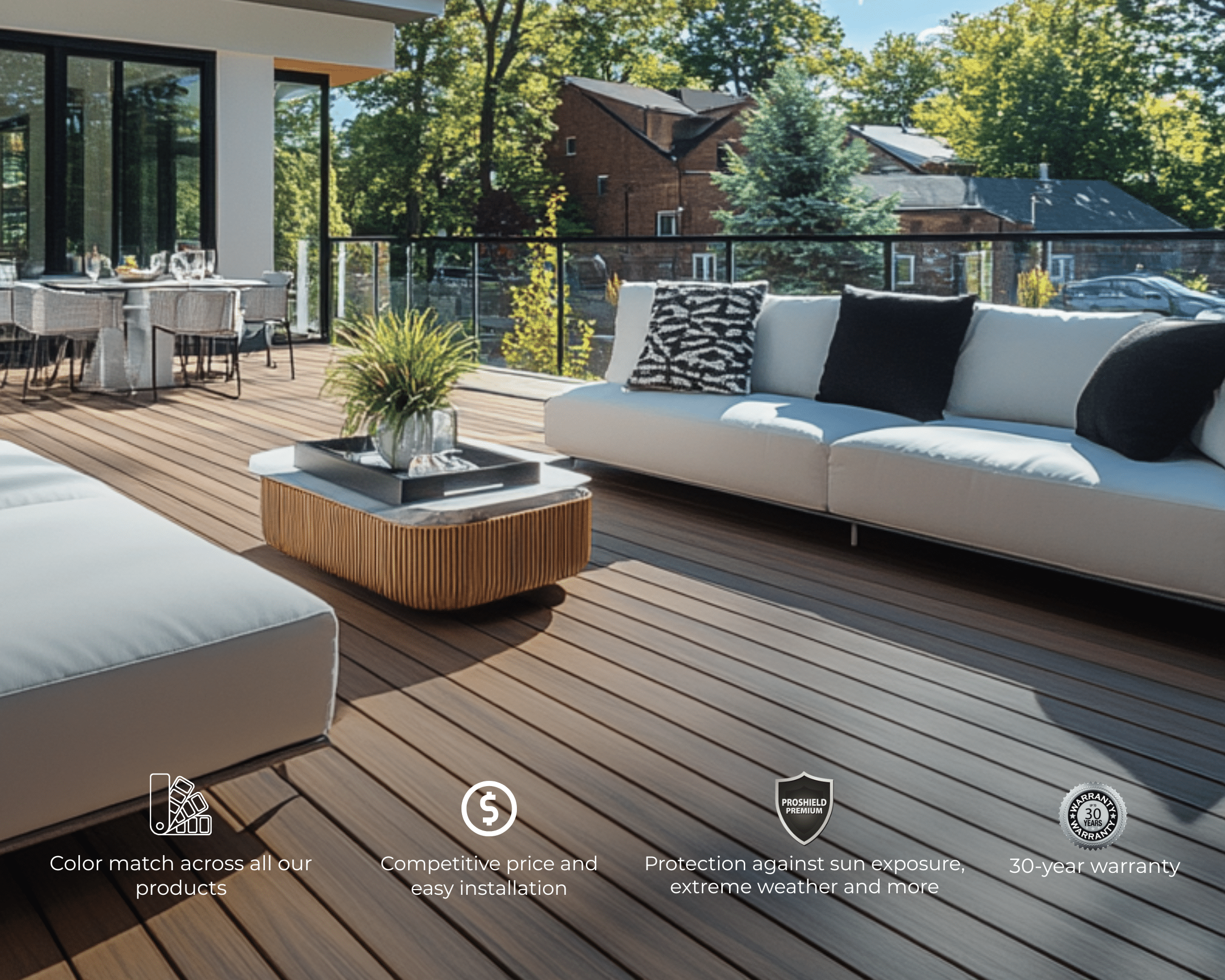 Engineered through a high-performance co-extrusion process, each composite decking board is protected on all four sides with Proshield Premium®, delivering superior resistance to fading, staining, moisture, and UV exposure. Unlike traditional wood, Advantage boards won’t crack, warp, or splinter—making them the perfect solution for Canadian climates and low-maintenance living.
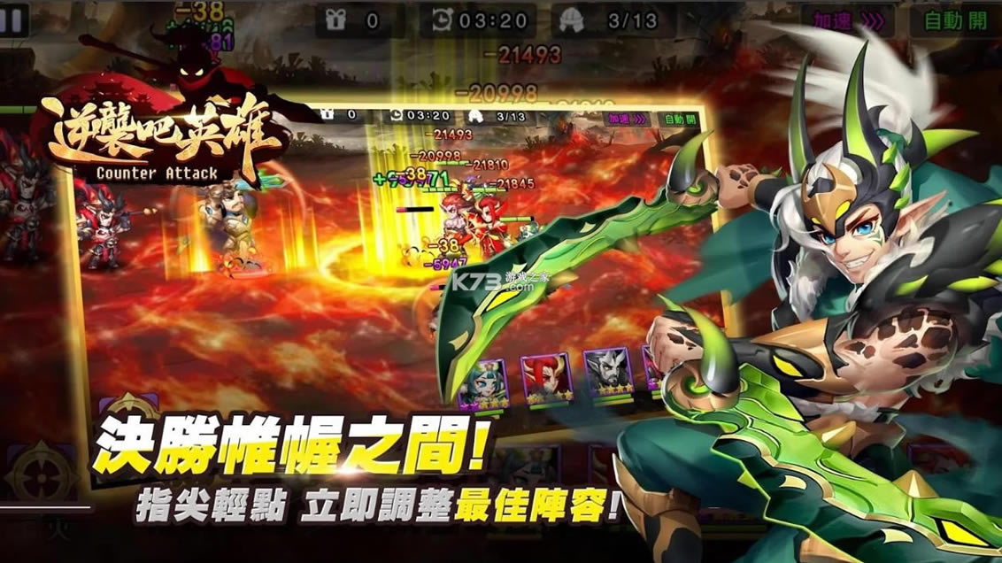 别以为在战斗前佈阵完毕,战局就会按照计画进行!战场中随时有可能从后排突入敌军,即时操作每位武将移动,闪招、围殴、放大招,单手逆转战局!
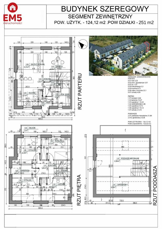- Pow. działki:251 m2
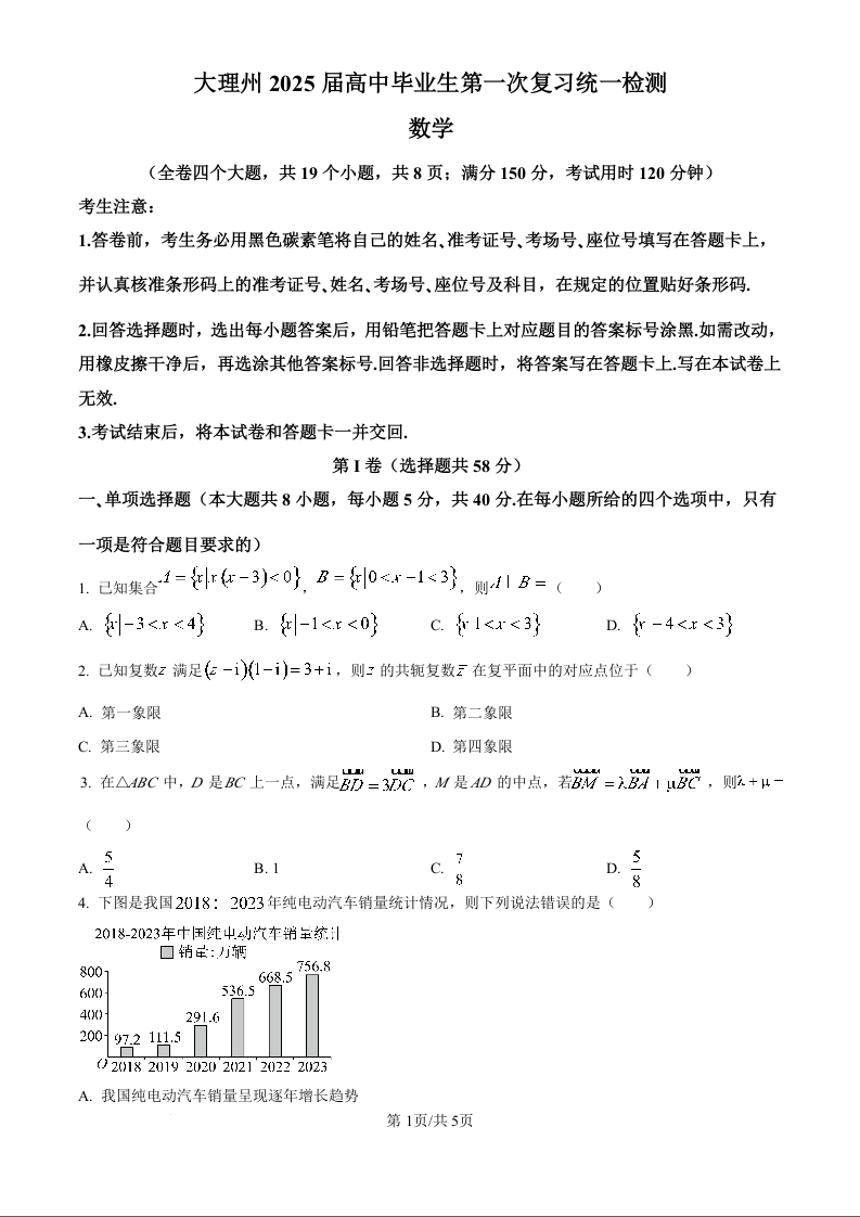 云南省大理州2025届高中毕业生第一次复习统一检测 数学
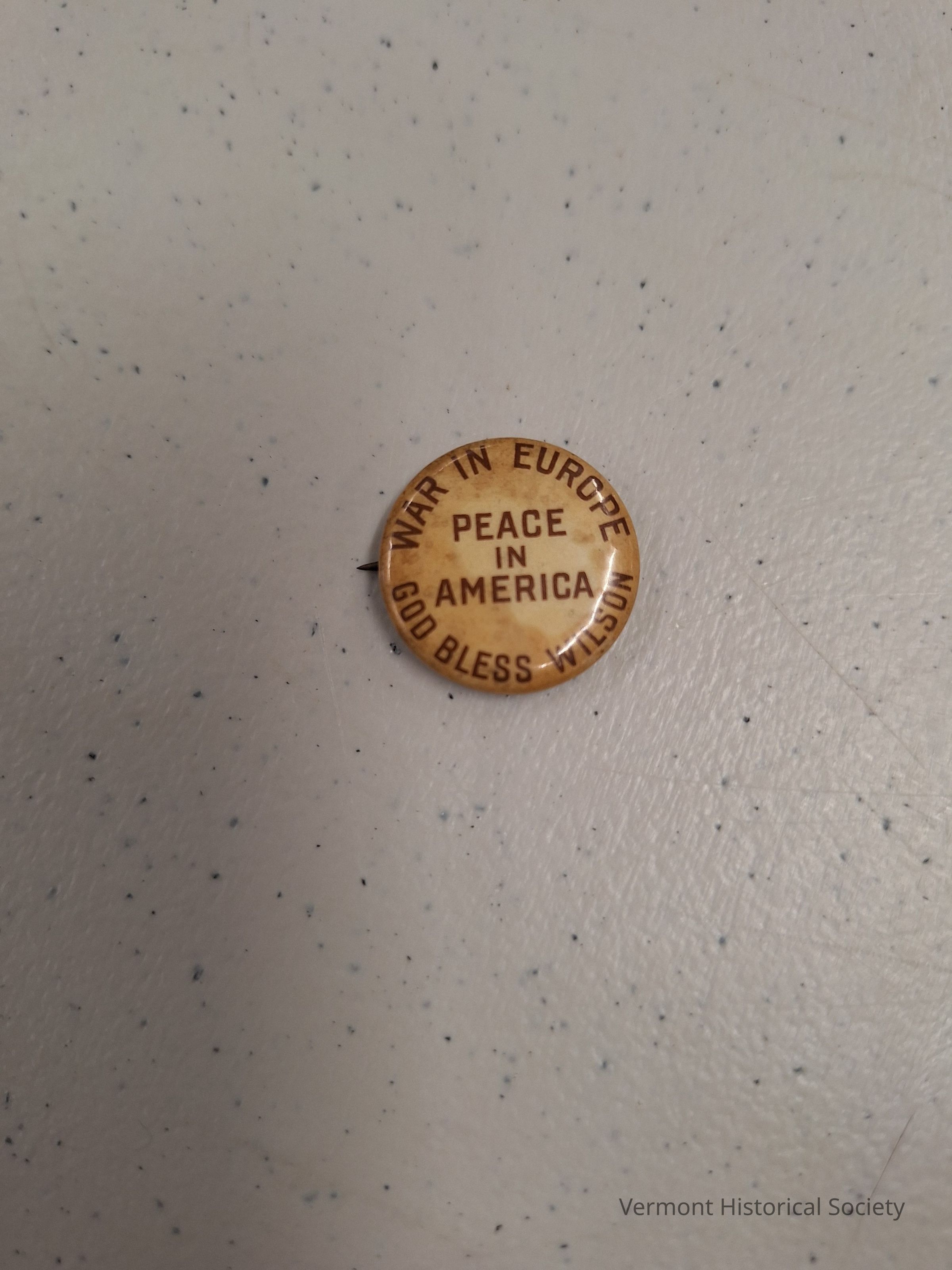 Formerly a white button, now stained, with red lettering that says, "War in Europe, Peace in America, God Bless Wilson."Context
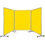 VEVOR lasgordijn, gele panelen, opvouwbaar met zwenkwielen voor mobiliteit en veiligheid.
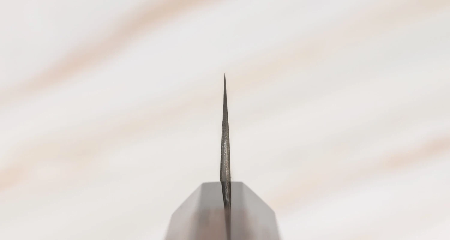 It has a double bevel (symmetrical) blade with convex (full hamaguri) grind. Hamaguri grind allows superior sharpness that requires delicate handling and helps to prevent food from sticking to the blade. Such a shape keeps a lot of metal behind the edge and makes for a stronger edge, yet it still allows a good degree of sharpness. The downside to a convex grind is that it is very hard to reproduce by anyone other than a very experienced sharpener.

• [Exercise instructions]:
Write all the entries again word for word, minus the pictures.

• [Reply]:
 Engineered through a high-performance co-extrusion process, each composite decking board is protected on all four sides with Proshield Premium®, delivering superior resistance to fading, staining, moisture, and UV exposure. Unlike traditional wood, Advantage boards won’t crack, warp, or splinter—making them the perfect solution for Canadian climates and low-maintenance living.
 别以为在战斗前佈阵完毕,战局就会按照计画进行!战场中随时有可能从后排突入敌军,即时操作每位武将移动,闪招、围殴、放大招,单手逆转战局!
- Pow. działki:251 m2
 云南省大理州2025届高中毕业生第一次复习统一检测 数学
 Formerly a white button, now stained, with red lettering that says, "War in Europe, Peace in America, God Bless Wilson."Context
 VEVOR lasgordijn, gele panelen, opvouwbaar met zwenkwielen voor mobiliteit en veiligheid.
 It has a double bevel (symmetrical) blade with convex (full hamaguri) grind. Hamaguri grind allows superior sharpness that requires delicate handling and helps to prevent food from sticking to the blade. Such a shape keeps a lot of metal behind the edge and makes for a stronger edge, yet it still allows a good degree of sharpness. The downside to a convex grind is that it is very hard to reproduce by anyone other than a very experienced sharpener.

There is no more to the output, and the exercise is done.